● **EXERCISE**
Make an exact copy of the records, with the images left out.

● **MATERIALS PROVIDED**
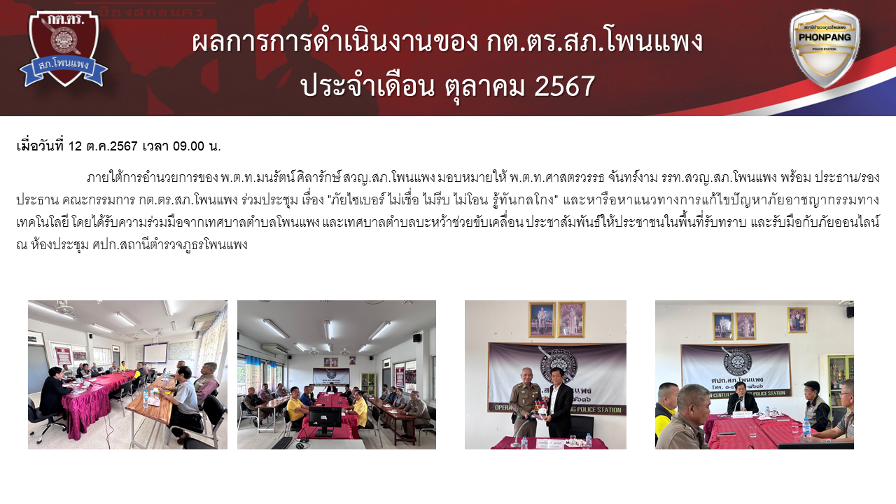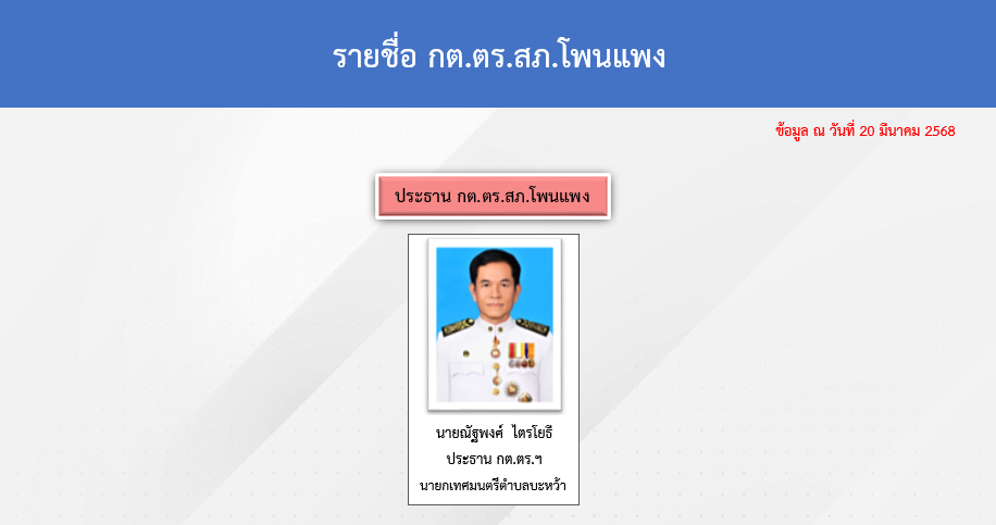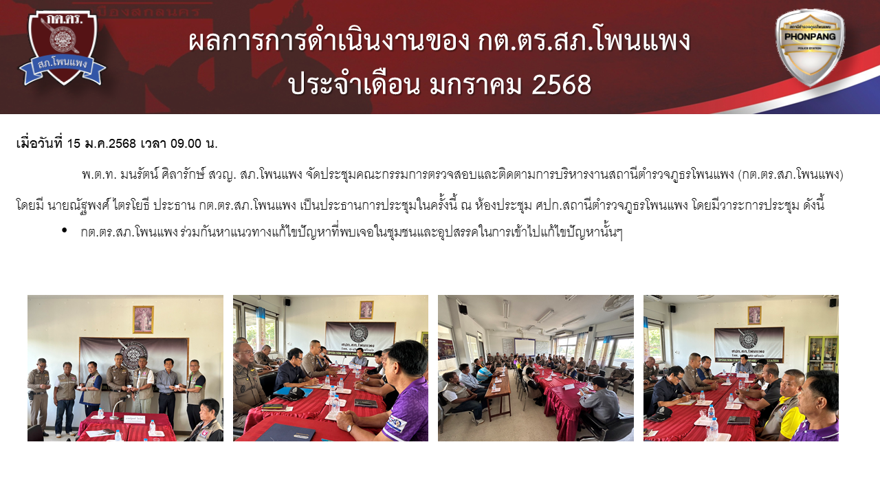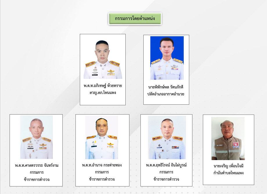 Home » มาตรฐาน ITA 2568 » ตัวชี้วัดที่ 9 การเปิดเผยข้อมูล » ตัวชี้วัดย่อยที่ 9.1 ข้อมูลพื้นฐาน » ข้อมูลพื้นฐาน » O4 ข้อมูลคณะกรรมการตรวจสอบและติดตามการบริหารงานตำรวจ (กต.ตร) ของสถานีตำรวจ
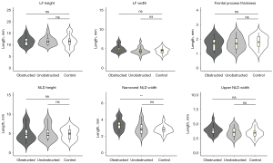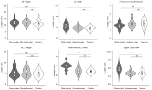 Statistical analyses were performed using the software SPSS 29.0 (IBM Corp., Armonk, NY, USA) and R statistical software (version 4.3.3; R Foundation for Statistical Computing, Vienna, Austria). To compare CNLDO patients with controls, we utilized violin plots that display the 25th percentile, median, 75th percentile, and mean values. Mann-Whitney U tests were conducted, due to non-normal distribution of several variables, to compare the control group with both the obstructed and unobstructed sides of CNLDO patients, respectively. Chi-squared test was used to compare the prevalence of sinusitis among different groups. A significance level of P<0.05 was considered statistically significant. For variables showing statistically significant differences, Cohen’s d was calculated to assess the effect size.
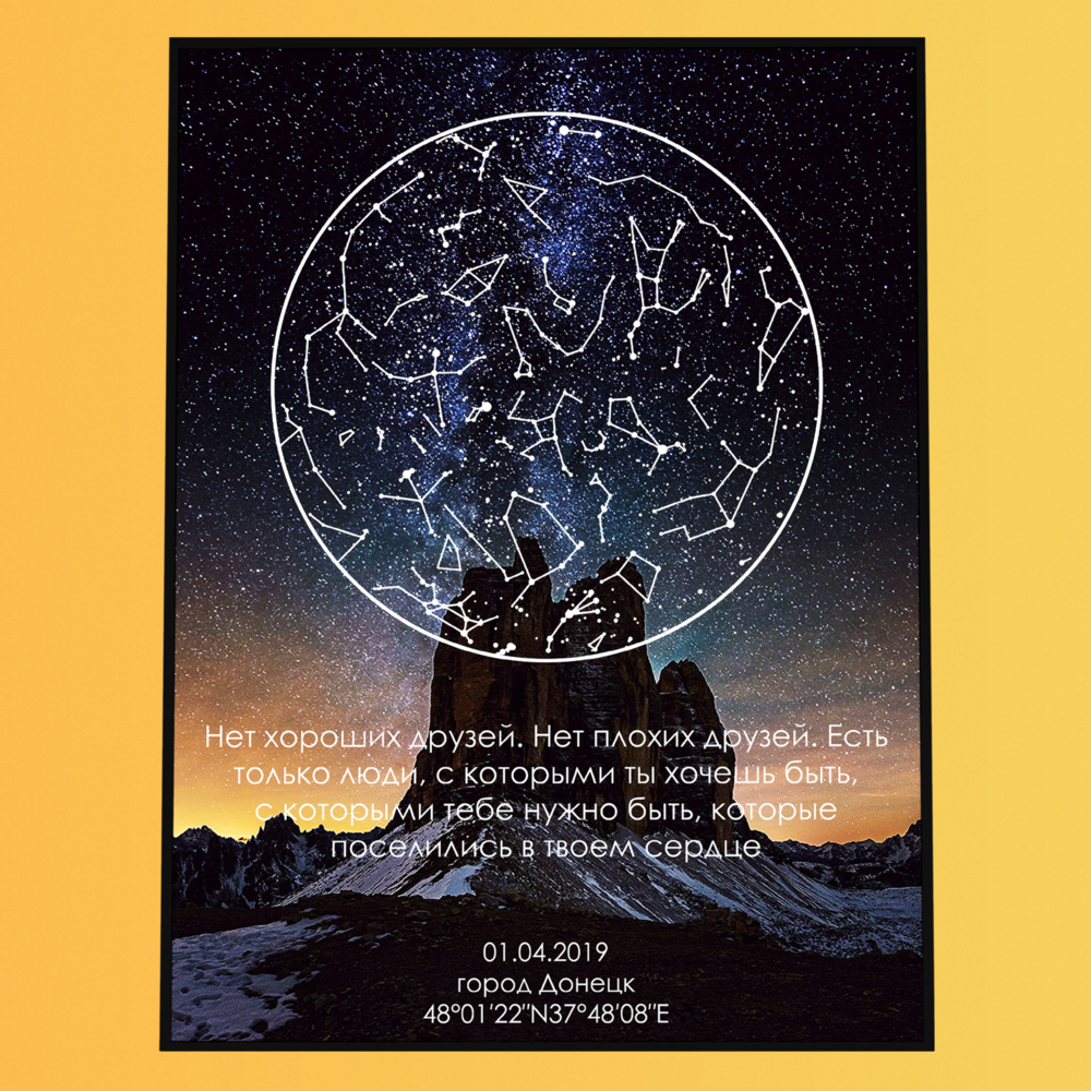 Вы заказываете персональную звёздную карту — визуальный макет, отображающий расположение звёзд в конкретный момент времени и в выбранной точке на Земле. Карта создаётся на основе астрономических данных и оформляется в выбранном дизайнерском стиле.
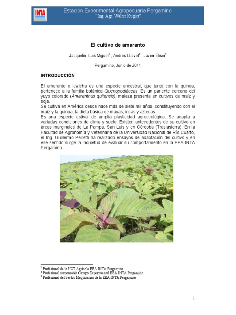 Peiretti, Guillermo. Documento: Amaranto. Potencialidades de un cultivo
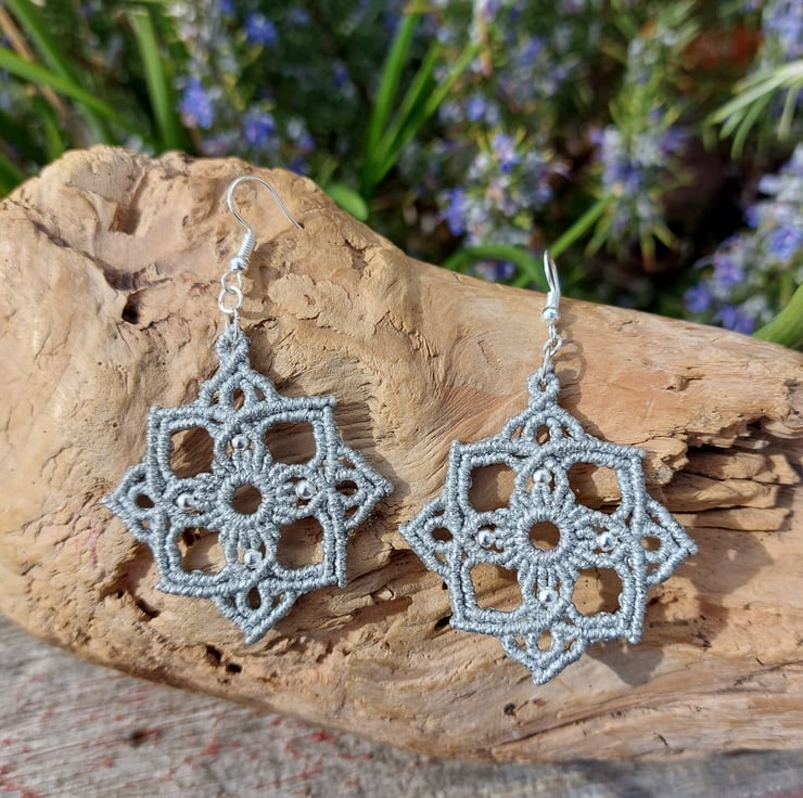 Handmade macrame geometry earrings.
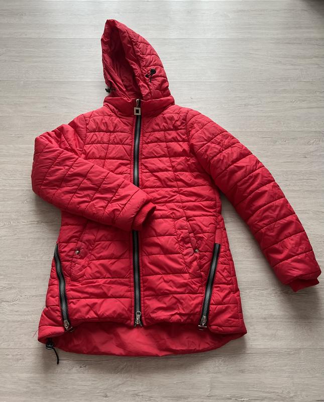 Куртка с дефектами на фото, есть дирки, пятна Капюшон на молнии, карманы на застежке, два замочки Размер 158

● **FINAL ANSWER**
 Home » มาตรฐาน ITA 2568 » ตัวชี้วัดที่ 9 การเปิดเผยข้อมูล » ตัวชี้วัดย่อยที่ 9.1 ข้อมูลพื้นฐาน » ข้อมูลพื้นฐาน » O4 ข้อมูลคณะกรรมการตรวจสอบและติดตามการบริหารงานตำรวจ (กต.ตร) ของสถานีตำรวจ
 Statistical analyses were performed using the software SPSS 29.0 (IBM Corp., Armonk, NY, USA) and R statistical software (version 4.3.3; R Foundation for Statistical Computing, Vienna, Austria). To compare CNLDO patients with controls, we utilized violin plots that display the 25th percentile, median, 75th percentile, and mean values. Mann-Whitney U tests were conducted, due to non-normal distribution of several variables, to compare the control group with both the obstructed and unobstructed sides of CNLDO patients, respectively. Chi-squared test was used to compare the prevalence of sinusitis among different groups. A significance level of P<0.05 was considered statistically significant. For variables showing statistically significant differences, Cohen’s d was calculated to assess the effect size.
 Вы заказываете персональную звёздную карту — визуальный макет, отображающий расположение звёзд в конкретный момент времени и в выбранной точке на Земле. Карта создаётся на основе астрономических данных и оформляется в выбранном дизайнерском стиле.
 Peiretti, Guillermo. Documento: Amaranto. Potencialidades de un cultivo
 Handmade macrame geometry earrings.
 Куртка с дефектами на фото, есть дирки, пятна Капюшон на молнии, карманы на застежке, два замочки Размер 158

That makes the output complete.